All the lines below need to be transcribed exactly. Pictures get left out.

## Data below
════════════════════

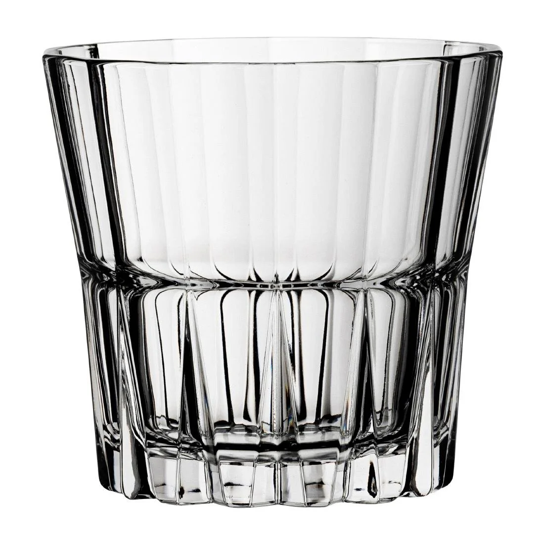 Pasabahce Sword tumblers deliver reliable performance and timeless style for busy bars, restaurants and hospitality settings. Their classic fluted conical profile and deep vertical facets provide a distinctive light catching look that elevates any table service.
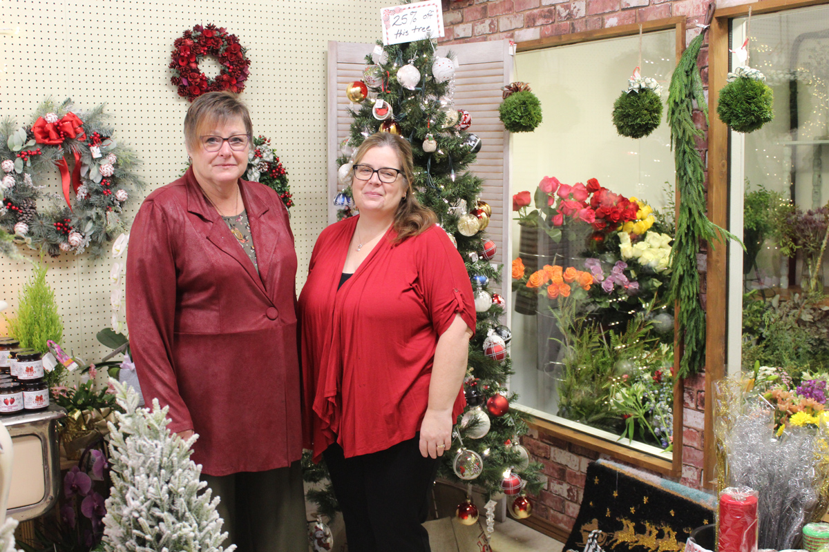 Janis Hutchinson and Jenn Quinlan of The Flower Hutch pause for a photo at a Christmas open house at the business in Gore Bay.
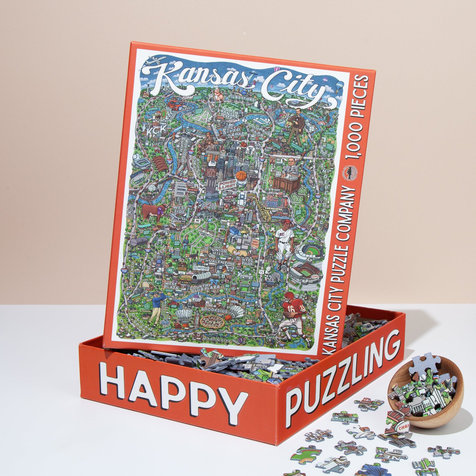 Discover all the cool quirks and unique oddities that makes Kansas City so great with this super fun and incredibly detailed 1,000 piece map puzzle. Featuring restaurants, shops, and icons that locals know and love; you'll have a blast exploring your favorites and discovering something new. Artist Mario Zucca's vibrant and crisp illustrations makes this puzzle a work of art and highly frame worthy. It's the perfect gift for every fan of Kansas City.

════════════════════

## Answer section
 Pasabahce Sword tumblers deliver reliable performance and timeless style for busy bars, restaurants and hospitality settings. Their classic fluted conical profile and deep vertical facets provide a distinctive light catching look that elevates any table service.
 Janis Hutchinson and Jenn Quinlan of The Flower Hutch pause for a photo at a Christmas open house at the business in Gore Bay.
 Discover all the cool quirks and unique oddities that makes Kansas City so great with this super fun and incredibly detailed 1,000 piece map puzzle. Featuring restaurants, shops, and icons that locals know and love; you'll have a blast exploring your favorites and discovering something new. Artist Mario Zucca's vibrant and crisp illustrations makes this puzzle a work of art and highly frame worthy. It's the perfect gift for every fan of Kansas City.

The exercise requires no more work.